TASK TO CARRY OUT: From the line containing "Tay nắm cửa hình" through the last line of the listing, output each line exactly as it stands. Omit pictures.

--- TASK MATERIAL ---

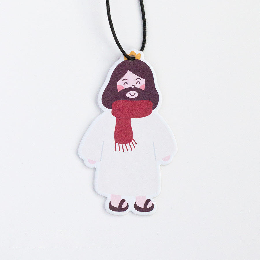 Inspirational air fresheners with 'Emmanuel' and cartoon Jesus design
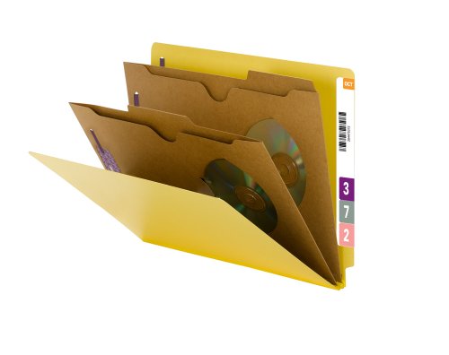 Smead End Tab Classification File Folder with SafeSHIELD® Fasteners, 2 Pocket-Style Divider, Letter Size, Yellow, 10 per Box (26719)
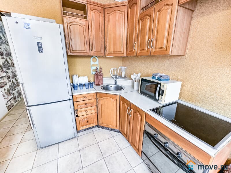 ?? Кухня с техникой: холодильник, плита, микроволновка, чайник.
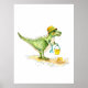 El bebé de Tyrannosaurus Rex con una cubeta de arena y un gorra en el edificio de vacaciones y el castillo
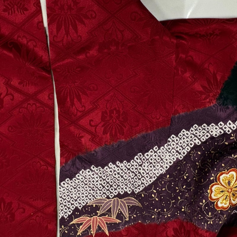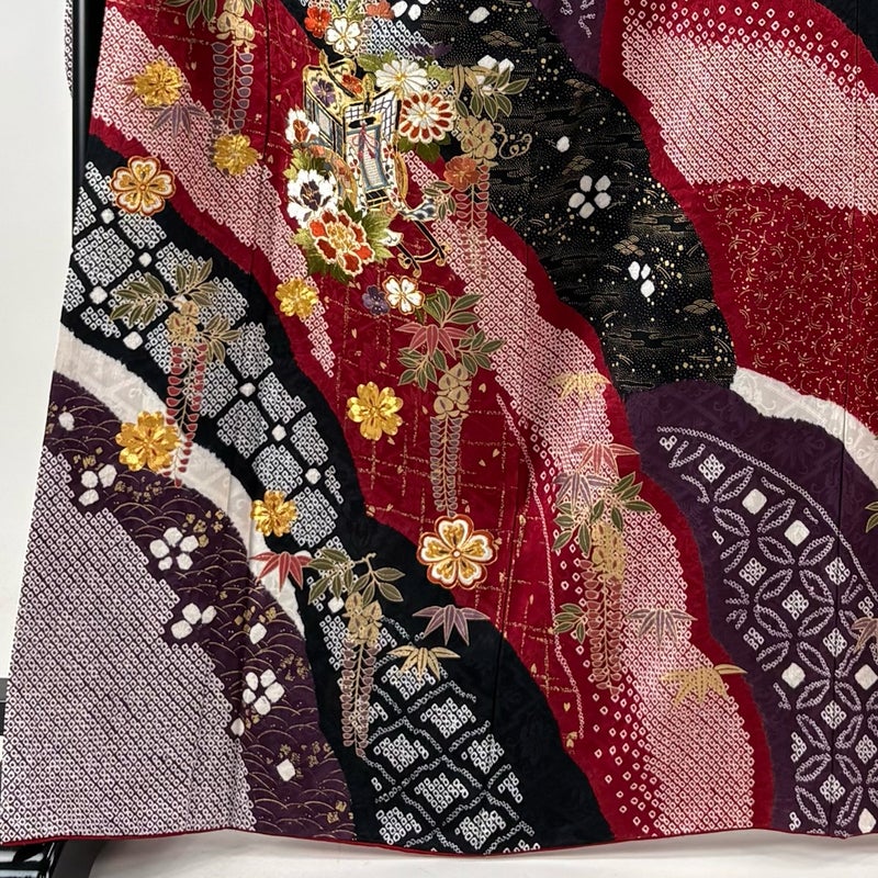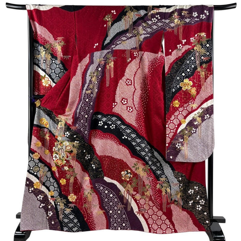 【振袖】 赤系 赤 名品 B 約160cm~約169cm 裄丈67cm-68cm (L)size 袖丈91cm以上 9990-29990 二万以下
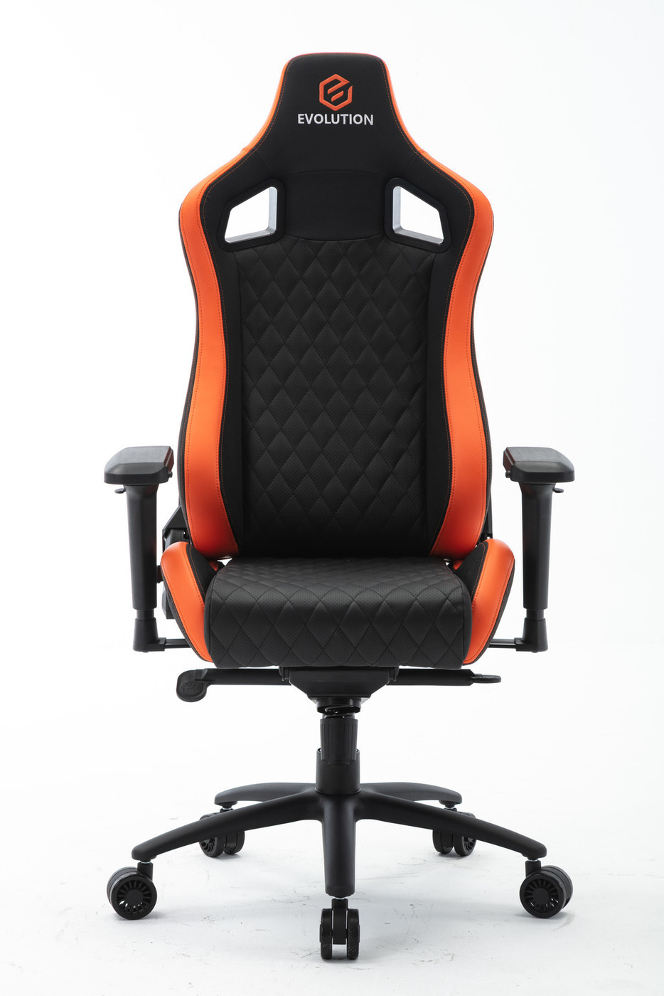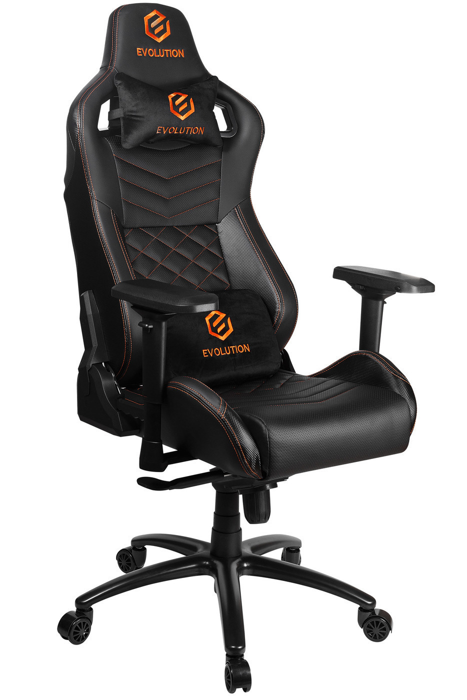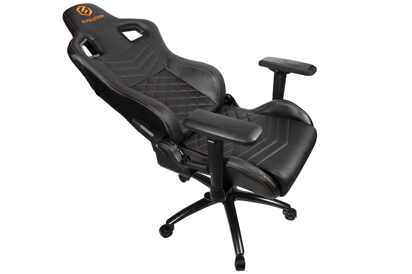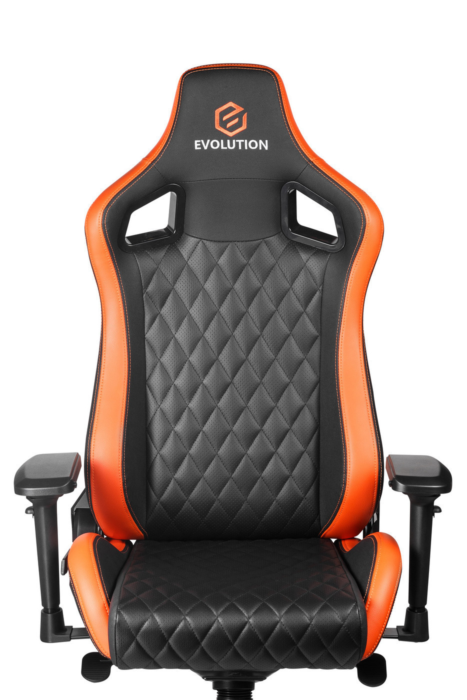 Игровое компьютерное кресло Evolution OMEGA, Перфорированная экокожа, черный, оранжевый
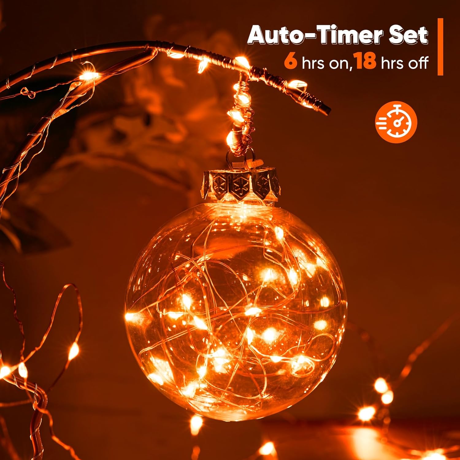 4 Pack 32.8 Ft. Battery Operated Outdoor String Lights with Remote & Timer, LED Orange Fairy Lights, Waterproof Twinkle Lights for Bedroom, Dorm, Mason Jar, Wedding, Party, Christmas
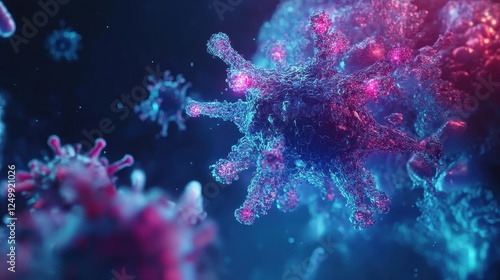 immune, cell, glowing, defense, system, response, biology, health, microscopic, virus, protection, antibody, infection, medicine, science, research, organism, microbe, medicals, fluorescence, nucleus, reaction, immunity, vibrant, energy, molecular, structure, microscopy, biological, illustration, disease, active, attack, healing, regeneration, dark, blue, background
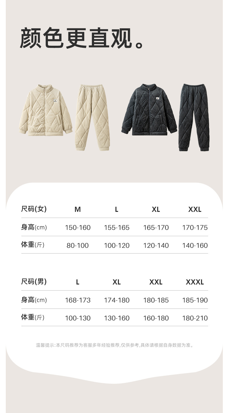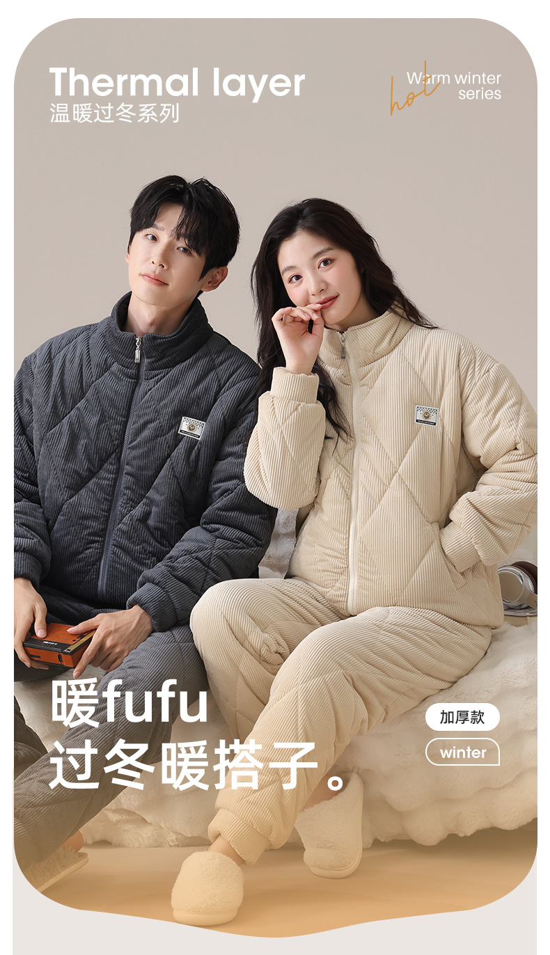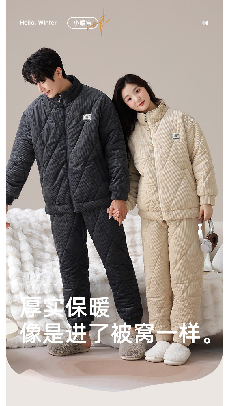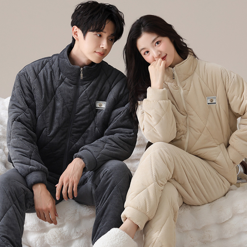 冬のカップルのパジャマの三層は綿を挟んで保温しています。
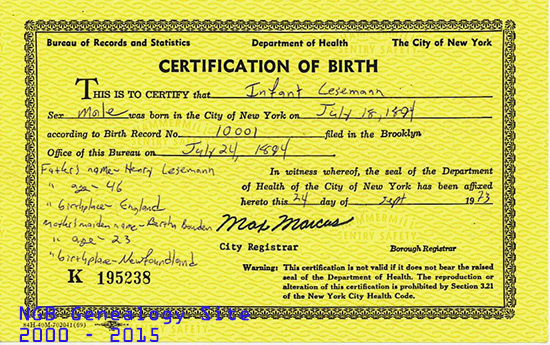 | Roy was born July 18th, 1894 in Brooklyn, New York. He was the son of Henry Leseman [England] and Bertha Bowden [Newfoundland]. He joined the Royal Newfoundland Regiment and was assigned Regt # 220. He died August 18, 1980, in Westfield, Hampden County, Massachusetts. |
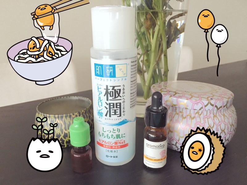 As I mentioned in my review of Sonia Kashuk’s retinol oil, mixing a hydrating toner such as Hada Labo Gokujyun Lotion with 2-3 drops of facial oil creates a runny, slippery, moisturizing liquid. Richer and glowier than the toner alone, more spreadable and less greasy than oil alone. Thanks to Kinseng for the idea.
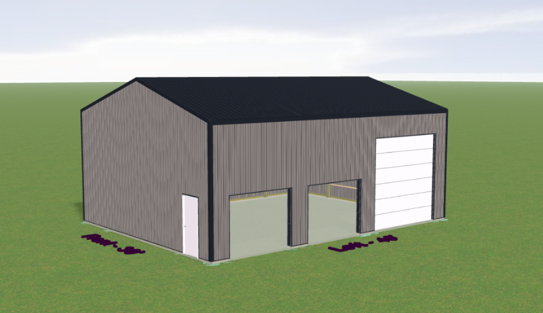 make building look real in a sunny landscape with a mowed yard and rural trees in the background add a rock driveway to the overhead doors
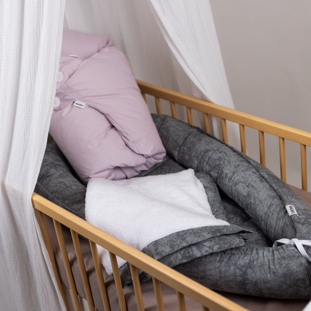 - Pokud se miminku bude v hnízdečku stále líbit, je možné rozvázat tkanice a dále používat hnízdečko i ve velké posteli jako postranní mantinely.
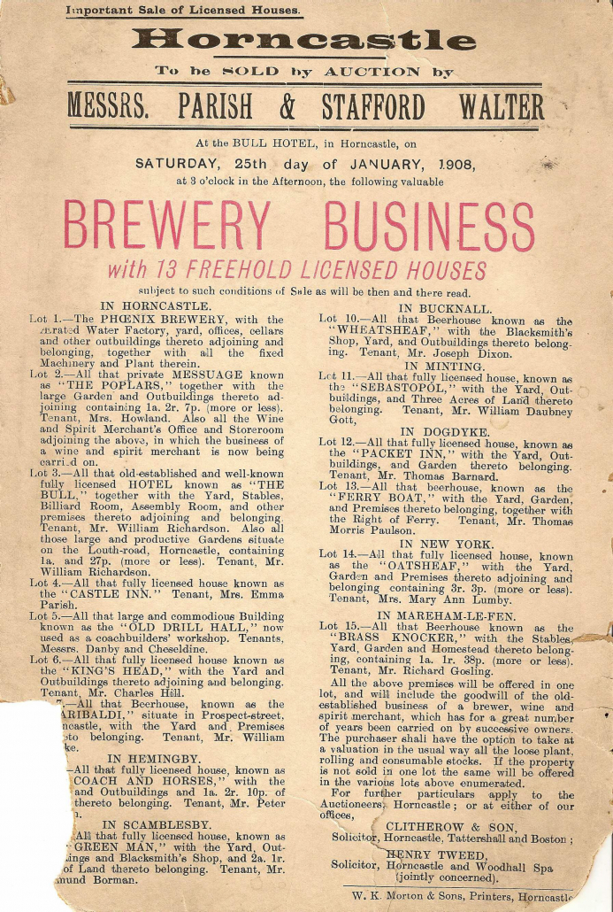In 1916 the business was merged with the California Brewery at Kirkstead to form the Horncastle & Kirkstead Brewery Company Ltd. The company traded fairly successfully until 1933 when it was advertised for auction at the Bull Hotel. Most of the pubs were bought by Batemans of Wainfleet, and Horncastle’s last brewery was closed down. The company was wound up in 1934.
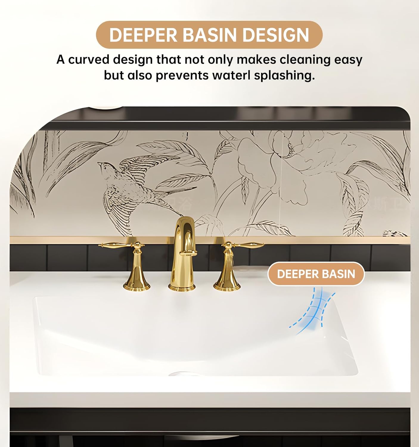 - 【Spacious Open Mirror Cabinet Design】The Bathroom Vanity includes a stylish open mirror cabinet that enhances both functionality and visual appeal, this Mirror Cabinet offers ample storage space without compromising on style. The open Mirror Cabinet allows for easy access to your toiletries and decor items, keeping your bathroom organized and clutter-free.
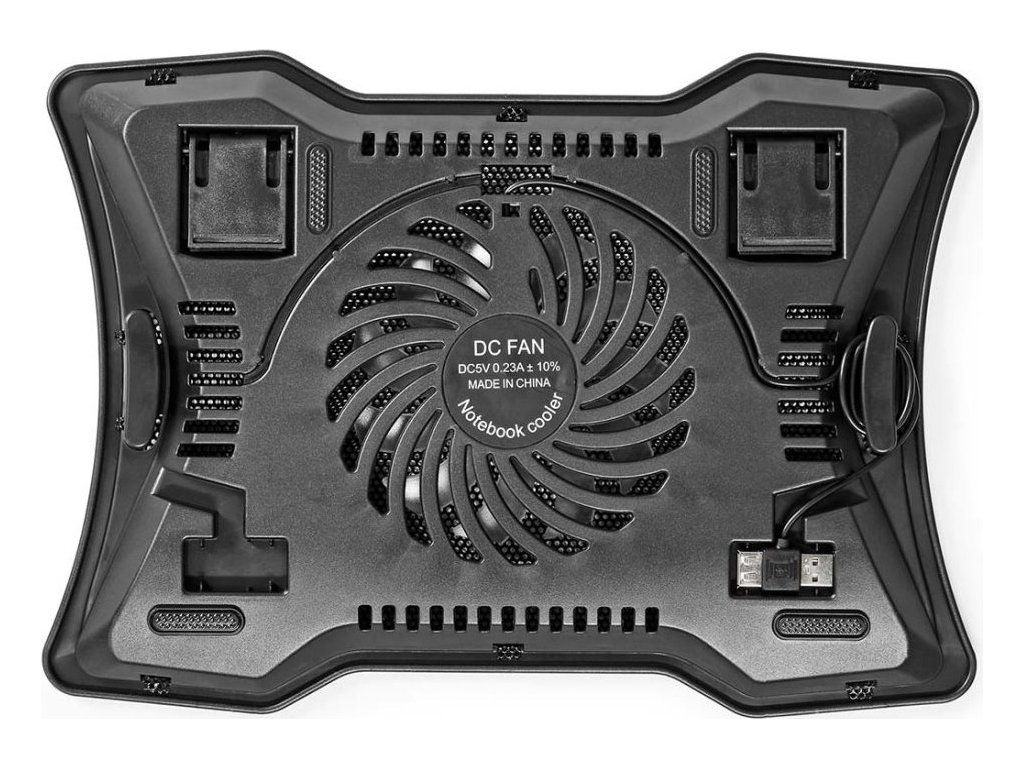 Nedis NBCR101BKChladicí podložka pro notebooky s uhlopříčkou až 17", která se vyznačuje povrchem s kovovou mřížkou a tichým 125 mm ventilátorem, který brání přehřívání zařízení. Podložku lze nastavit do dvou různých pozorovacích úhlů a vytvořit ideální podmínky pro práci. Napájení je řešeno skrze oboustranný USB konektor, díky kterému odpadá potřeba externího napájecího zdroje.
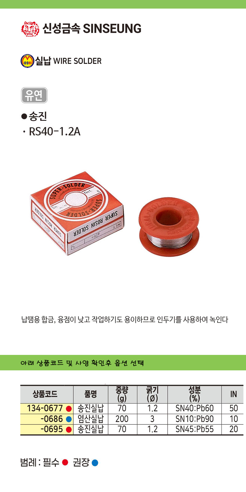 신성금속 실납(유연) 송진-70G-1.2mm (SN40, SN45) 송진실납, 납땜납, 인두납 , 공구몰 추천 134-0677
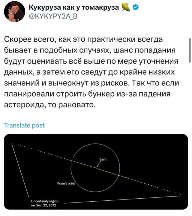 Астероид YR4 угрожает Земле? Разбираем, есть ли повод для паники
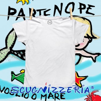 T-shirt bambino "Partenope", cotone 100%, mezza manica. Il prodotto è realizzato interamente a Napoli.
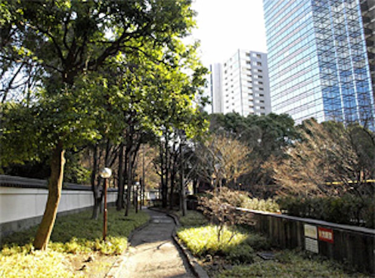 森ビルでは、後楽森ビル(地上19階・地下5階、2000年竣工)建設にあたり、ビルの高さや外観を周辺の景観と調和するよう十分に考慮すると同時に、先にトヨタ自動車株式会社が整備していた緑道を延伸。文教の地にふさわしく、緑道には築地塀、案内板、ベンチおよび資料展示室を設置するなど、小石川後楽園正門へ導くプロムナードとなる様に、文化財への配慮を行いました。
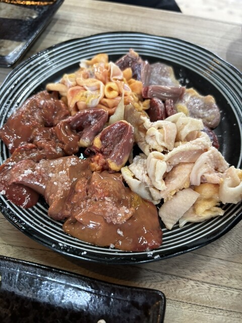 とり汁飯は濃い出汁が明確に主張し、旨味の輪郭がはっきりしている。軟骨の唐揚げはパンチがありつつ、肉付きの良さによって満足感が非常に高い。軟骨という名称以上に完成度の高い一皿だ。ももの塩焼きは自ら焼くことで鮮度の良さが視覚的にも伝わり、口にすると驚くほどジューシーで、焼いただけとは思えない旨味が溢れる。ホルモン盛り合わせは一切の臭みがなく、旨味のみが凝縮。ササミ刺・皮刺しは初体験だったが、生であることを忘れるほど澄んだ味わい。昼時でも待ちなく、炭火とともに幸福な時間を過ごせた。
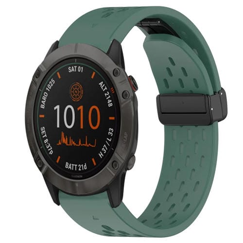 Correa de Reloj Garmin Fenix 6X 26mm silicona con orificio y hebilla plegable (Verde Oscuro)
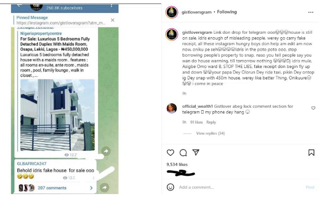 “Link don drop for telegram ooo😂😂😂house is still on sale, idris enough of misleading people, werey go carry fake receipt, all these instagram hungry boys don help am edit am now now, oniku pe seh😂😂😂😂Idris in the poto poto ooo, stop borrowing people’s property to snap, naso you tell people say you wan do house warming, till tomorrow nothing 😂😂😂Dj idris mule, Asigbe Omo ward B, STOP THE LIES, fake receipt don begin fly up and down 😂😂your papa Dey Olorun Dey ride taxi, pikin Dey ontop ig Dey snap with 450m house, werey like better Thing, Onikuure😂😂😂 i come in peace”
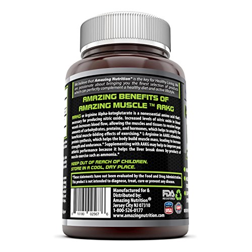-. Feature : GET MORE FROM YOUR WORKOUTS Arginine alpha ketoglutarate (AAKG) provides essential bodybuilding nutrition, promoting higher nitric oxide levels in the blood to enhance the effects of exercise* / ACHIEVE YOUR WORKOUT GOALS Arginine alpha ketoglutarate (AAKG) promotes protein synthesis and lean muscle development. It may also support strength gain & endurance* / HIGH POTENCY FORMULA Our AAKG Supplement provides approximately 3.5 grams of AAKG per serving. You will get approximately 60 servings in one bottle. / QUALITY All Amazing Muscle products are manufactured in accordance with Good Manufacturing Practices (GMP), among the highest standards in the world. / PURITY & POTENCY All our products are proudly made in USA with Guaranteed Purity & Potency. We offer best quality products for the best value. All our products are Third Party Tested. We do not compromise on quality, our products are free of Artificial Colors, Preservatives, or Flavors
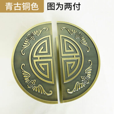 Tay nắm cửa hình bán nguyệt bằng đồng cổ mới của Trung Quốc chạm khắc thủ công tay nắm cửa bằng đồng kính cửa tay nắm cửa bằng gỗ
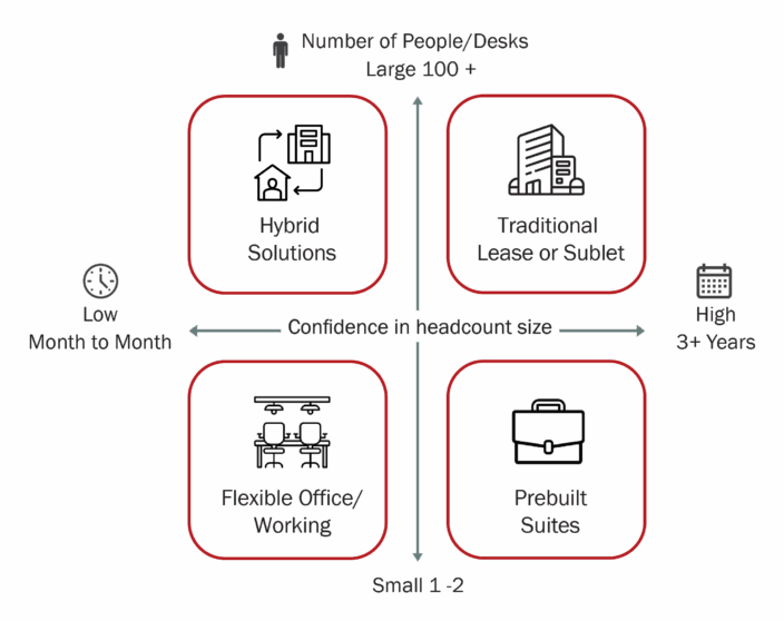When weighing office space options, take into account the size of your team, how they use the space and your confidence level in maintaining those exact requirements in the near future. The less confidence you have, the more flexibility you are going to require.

---

EXERCISE RESULT:
 Tay nắm cửa hình bán nguyệt bằng đồng cổ mới của Trung Quốc chạm khắc thủ công tay nắm cửa bằng đồng kính cửa tay nắm cửa bằng gỗ
When weighing office space options, take into account the size of your team, how they use the space and your confidence level in maintaining those exact requirements in the near future. The less confidence you have, the more flexibility you are going to require.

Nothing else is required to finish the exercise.